• [EXERCISE]
Print the records below exactly, from the line containing "til behagelig håndvask." down to the line containing "Der Klassencontainer besteht", both lines included, and omit every picture.

• [MATERIAL FOR THE TASK]
# # # # # # #

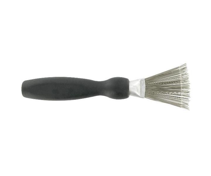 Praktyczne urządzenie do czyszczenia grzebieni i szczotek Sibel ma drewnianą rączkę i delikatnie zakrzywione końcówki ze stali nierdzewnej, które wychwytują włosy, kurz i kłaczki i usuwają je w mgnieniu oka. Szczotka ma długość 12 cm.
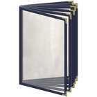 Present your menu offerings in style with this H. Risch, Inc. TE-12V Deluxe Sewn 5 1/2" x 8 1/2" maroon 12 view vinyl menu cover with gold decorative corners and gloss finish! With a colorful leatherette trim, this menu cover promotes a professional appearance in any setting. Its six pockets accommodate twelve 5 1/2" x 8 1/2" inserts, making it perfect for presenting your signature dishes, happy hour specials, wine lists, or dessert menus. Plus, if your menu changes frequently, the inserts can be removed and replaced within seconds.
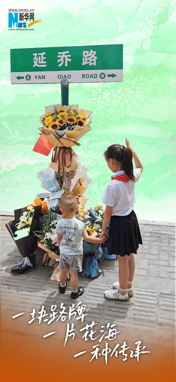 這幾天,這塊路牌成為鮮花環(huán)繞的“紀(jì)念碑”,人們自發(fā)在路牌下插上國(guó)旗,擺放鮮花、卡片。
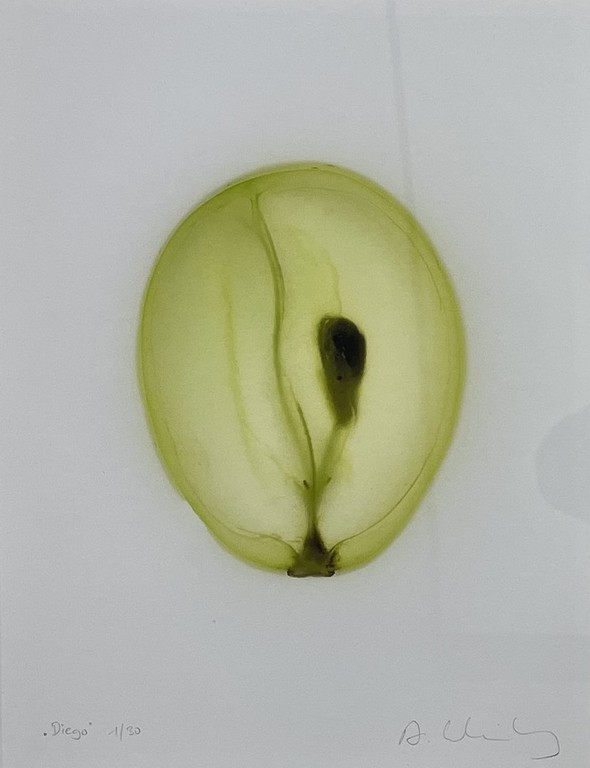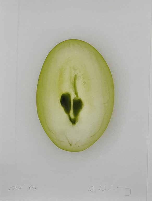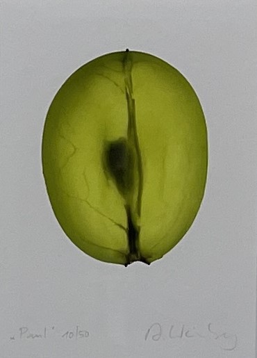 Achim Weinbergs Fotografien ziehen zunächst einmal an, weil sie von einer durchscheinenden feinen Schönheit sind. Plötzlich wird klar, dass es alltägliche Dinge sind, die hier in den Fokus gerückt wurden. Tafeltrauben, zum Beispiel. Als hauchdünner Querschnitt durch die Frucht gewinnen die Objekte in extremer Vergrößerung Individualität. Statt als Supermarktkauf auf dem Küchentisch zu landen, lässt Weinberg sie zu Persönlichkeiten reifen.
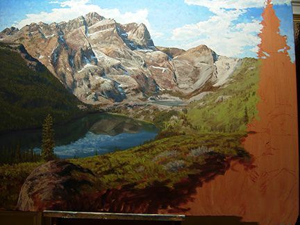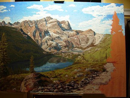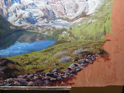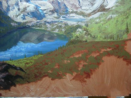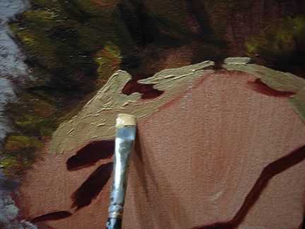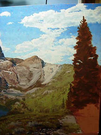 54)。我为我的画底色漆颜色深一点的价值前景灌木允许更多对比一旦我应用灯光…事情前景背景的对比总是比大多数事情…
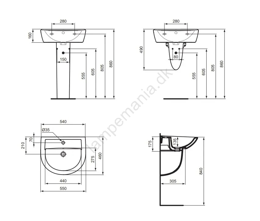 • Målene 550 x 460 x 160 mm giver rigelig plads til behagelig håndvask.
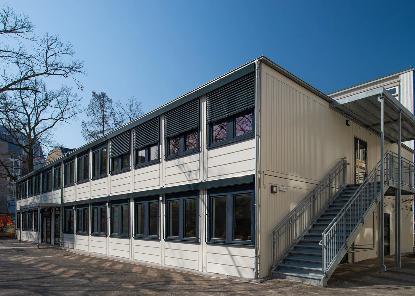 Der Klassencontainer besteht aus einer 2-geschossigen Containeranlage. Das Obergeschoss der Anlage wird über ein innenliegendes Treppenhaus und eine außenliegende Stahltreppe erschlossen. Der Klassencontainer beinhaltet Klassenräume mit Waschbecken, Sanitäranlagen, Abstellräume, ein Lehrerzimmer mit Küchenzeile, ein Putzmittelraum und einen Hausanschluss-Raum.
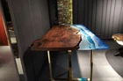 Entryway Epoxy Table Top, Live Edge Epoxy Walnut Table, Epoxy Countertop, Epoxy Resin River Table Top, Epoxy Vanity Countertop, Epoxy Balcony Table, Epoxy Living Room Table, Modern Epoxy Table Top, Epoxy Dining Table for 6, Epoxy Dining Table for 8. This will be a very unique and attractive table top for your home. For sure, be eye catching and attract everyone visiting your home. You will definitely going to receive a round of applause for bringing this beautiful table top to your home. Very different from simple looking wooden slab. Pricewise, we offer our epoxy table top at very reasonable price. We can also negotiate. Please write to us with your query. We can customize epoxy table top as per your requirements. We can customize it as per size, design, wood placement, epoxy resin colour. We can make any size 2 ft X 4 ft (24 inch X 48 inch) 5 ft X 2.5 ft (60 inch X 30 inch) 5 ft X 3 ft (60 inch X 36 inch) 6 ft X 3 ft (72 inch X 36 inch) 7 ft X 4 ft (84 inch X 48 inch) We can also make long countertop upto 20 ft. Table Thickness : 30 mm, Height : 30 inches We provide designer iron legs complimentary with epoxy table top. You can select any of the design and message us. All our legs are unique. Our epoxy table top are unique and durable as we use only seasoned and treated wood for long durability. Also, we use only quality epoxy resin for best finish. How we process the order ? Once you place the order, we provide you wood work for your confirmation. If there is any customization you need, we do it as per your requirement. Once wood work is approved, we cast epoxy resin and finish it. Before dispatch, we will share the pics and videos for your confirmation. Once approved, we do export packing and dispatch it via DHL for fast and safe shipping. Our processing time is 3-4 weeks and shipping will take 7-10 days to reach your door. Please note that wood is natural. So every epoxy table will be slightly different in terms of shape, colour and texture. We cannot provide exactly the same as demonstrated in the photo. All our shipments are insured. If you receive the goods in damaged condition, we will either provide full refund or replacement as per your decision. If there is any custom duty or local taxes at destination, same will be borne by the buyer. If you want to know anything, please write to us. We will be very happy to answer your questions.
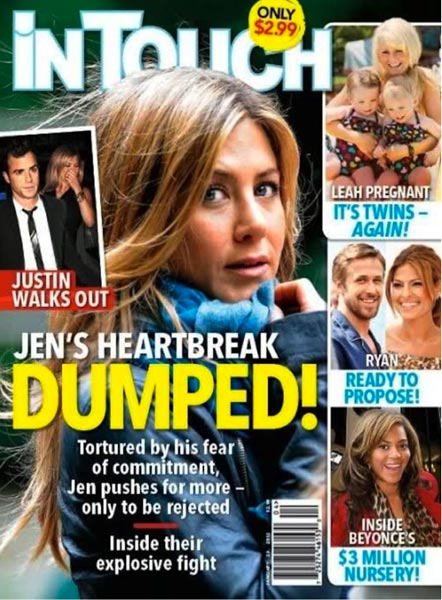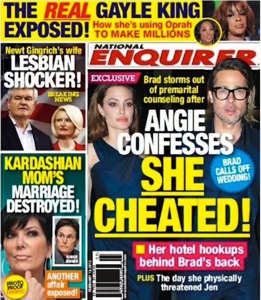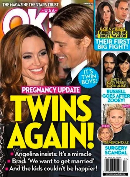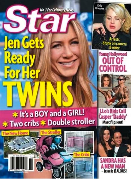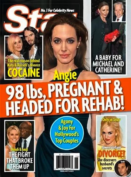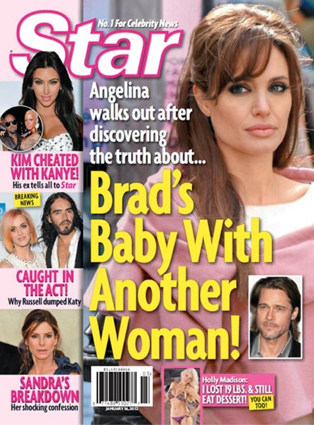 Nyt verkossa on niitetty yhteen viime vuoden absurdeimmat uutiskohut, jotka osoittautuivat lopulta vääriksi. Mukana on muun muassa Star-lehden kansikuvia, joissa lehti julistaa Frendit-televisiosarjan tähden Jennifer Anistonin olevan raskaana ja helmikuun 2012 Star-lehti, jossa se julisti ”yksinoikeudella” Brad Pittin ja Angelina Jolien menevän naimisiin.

# # # # # # #

• [OUTPUT BELOW]
 • Målene 550 x 460 x 160 mm giver rigelig plads til behagelig håndvask.
 Der Klassencontainer besteht aus einer 2-geschossigen Containeranlage. Das Obergeschoss der Anlage wird über ein innenliegendes Treppenhaus und eine außenliegende Stahltreppe erschlossen. Der Klassencontainer beinhaltet Klassenräume mit Waschbecken, Sanitäranlagen, Abstellräume, ein Lehrerzimmer mit Küchenzeile, ein Putzmittelraum und einen Hausanschluss-Raum.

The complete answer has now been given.